= Data extract =

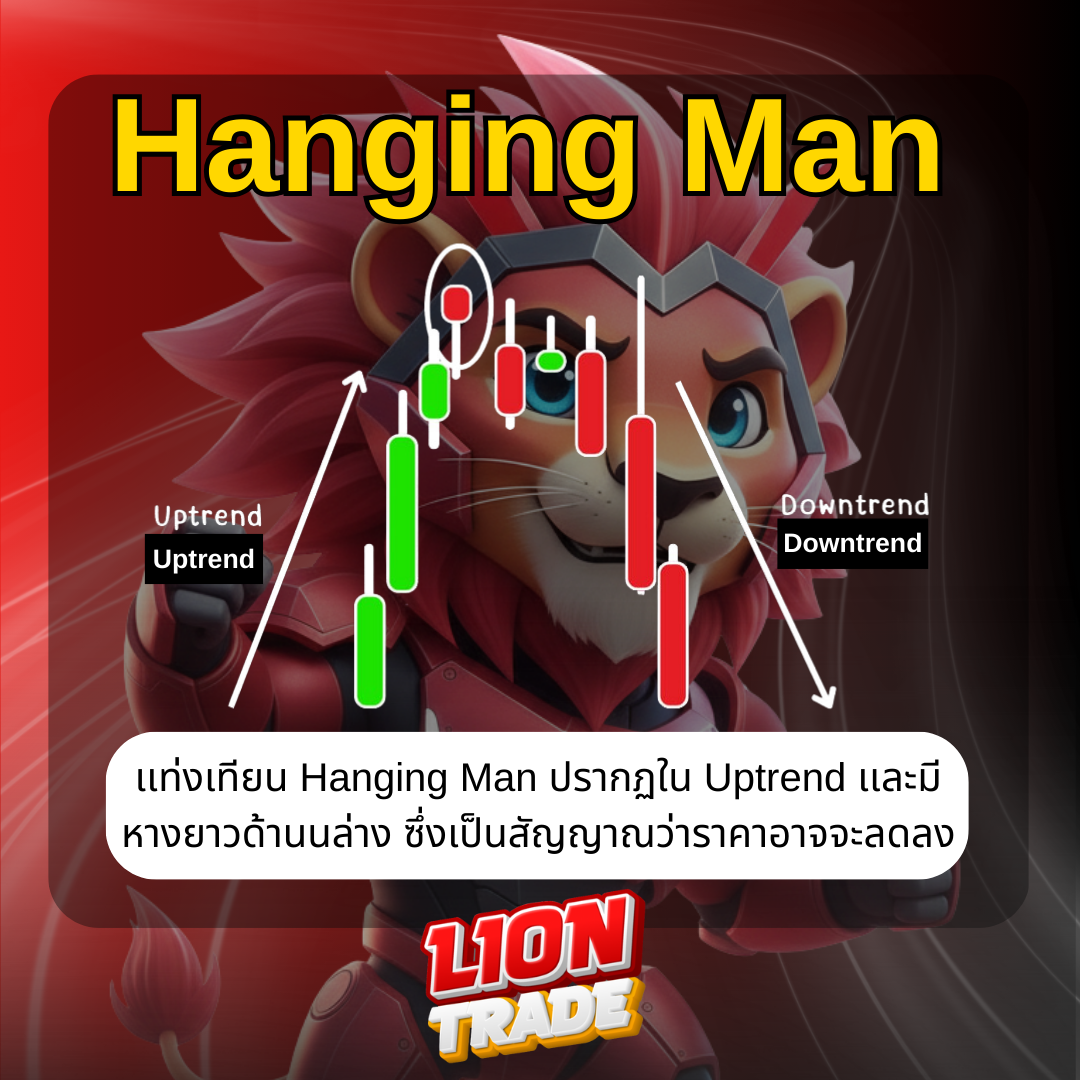 - Hanging Man: รูปร่างเหมือน Hammer (เกิดในขาขึ้น)
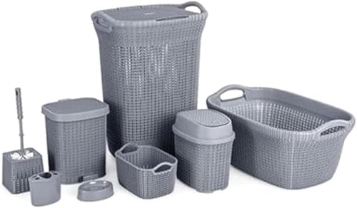 - مجموعة كاملة: مجموعة تنظيم الحمام المكونة من 8 قطع بما في ذلك سلة الغسيل وصناديق التخزين وحامل فرشاة المرحاض وموزعات الصابون لون رمادي أنيق
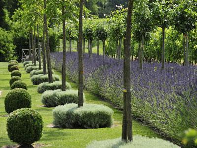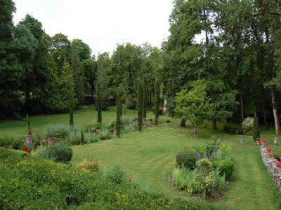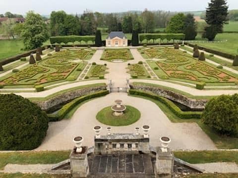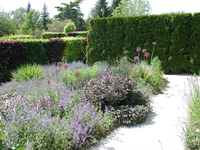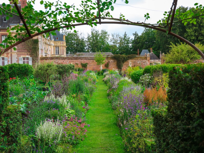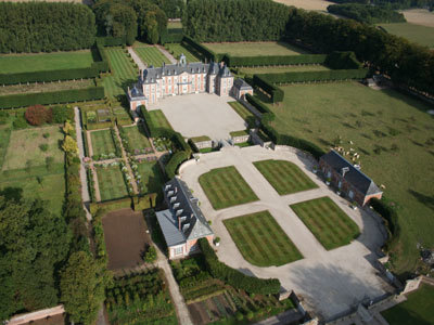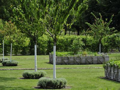 Parque rodeado por una doble hilera de hayas centenarias. Céspedes con tejos y boj cortado. Charmilles. Huerta florecida en colores asociados. Jardines secretos. Fronteras perennes. Árboles frutales podados contra espalderas, copas, cordeles
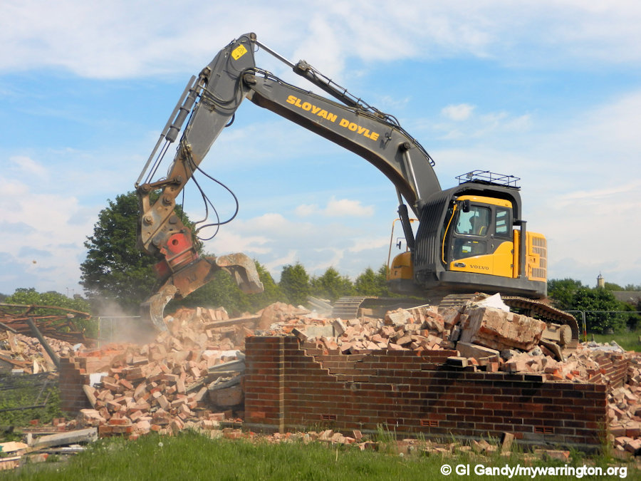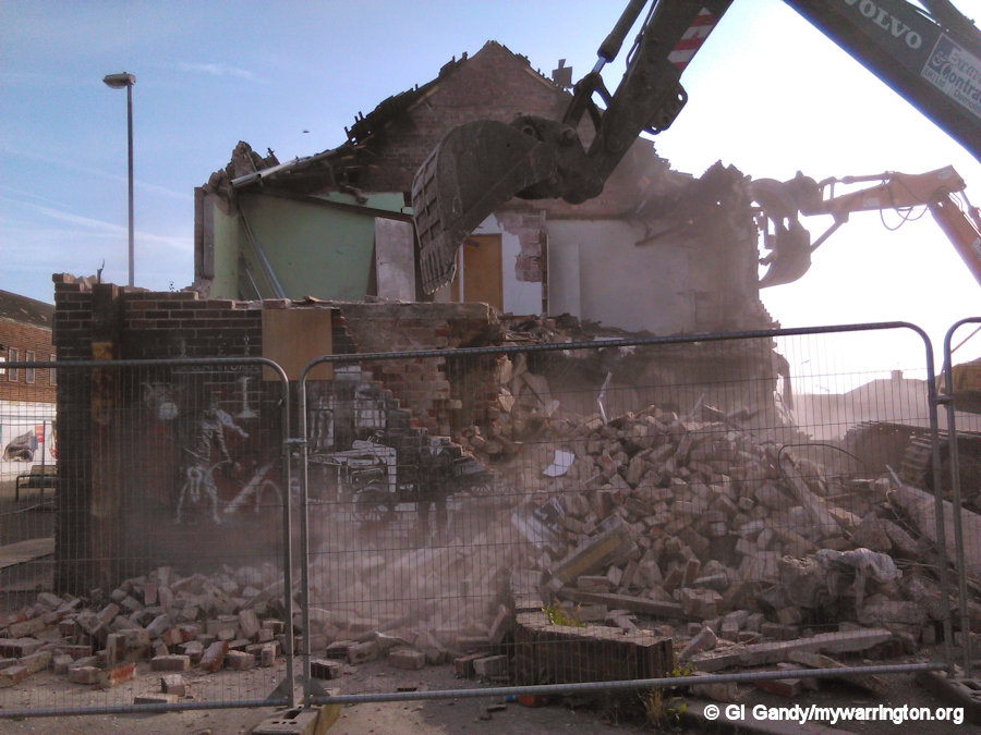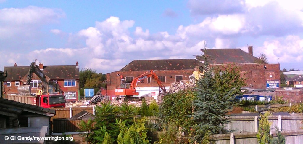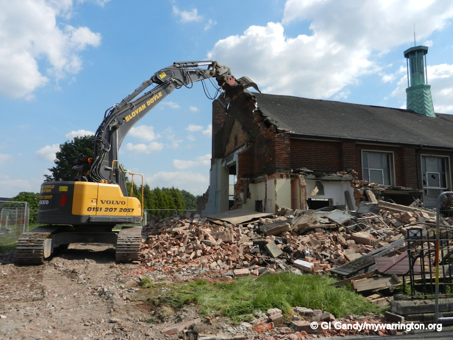 St Anselm’s in Dallam was linked to St Alban’s church on Bewsey Street and the priest there served both churches. Eventually it was decided to concentrate services at St Alban’s only and the Hawleys Lane site was decommissioned. Demolition began on 3 April 2013 and was completed on 5 June 2013. The land was sold off for housebuilding.

= Your instructions =
Copy the material above word for word, images excluded.

= Your solution =
 - Hanging Man: รูปร่างเหมือน Hammer (เกิดในขาขึ้น)
 - مجموعة كاملة: مجموعة تنظيم الحمام المكونة من 8 قطع بما في ذلك سلة الغسيل وصناديق التخزين وحامل فرشاة المرحاض وموزعات الصابون لون رمادي أنيق
 Parque rodeado por una doble hilera de hayas centenarias. Céspedes con tejos y boj cortado. Charmilles. Huerta florecida en colores asociados. Jardines secretos. Fronteras perennes. Árboles frutales podados contra espalderas, copas, cordeles
 St Anselm’s in Dallam was linked to St Alban’s church on Bewsey Street and the priest there served both churches. Eventually it was decided to concentrate services at St Alban’s only and the Hawleys Lane site was decommissioned. Demolition began on 3 April 2013 and was completed on 5 June 2013. The land was sold off for housebuilding.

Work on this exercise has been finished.